For the entries below, state how many lines include the string "быть", and write nothing besides that number.
:: RECORDED DATA ::
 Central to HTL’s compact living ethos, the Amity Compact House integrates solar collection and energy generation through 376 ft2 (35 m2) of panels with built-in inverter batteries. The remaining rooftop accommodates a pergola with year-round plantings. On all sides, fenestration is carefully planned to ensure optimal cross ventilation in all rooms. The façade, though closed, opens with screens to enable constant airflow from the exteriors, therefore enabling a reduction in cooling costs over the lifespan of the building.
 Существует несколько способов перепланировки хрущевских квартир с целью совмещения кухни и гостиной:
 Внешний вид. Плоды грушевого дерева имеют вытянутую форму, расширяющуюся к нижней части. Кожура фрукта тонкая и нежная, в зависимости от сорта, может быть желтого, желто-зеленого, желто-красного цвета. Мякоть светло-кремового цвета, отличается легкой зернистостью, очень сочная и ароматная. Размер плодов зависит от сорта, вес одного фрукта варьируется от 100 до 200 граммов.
:::
:: RECORDED DATA ::
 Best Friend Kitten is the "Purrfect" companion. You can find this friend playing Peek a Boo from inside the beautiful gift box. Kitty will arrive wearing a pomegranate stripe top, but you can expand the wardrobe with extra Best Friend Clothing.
:::
:: RECORDED DATA ::
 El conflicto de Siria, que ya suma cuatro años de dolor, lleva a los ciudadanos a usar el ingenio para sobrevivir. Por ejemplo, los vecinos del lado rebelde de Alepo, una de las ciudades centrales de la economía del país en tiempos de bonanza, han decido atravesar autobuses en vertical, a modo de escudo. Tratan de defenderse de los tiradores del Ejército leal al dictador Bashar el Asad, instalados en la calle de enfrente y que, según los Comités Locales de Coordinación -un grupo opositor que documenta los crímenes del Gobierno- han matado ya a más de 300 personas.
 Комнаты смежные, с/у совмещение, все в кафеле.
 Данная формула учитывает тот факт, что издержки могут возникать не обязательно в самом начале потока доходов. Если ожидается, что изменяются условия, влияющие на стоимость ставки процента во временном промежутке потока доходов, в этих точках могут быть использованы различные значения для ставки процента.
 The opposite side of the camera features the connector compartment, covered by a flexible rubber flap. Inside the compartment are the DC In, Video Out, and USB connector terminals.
:::
# [ANSWER SECTION]
2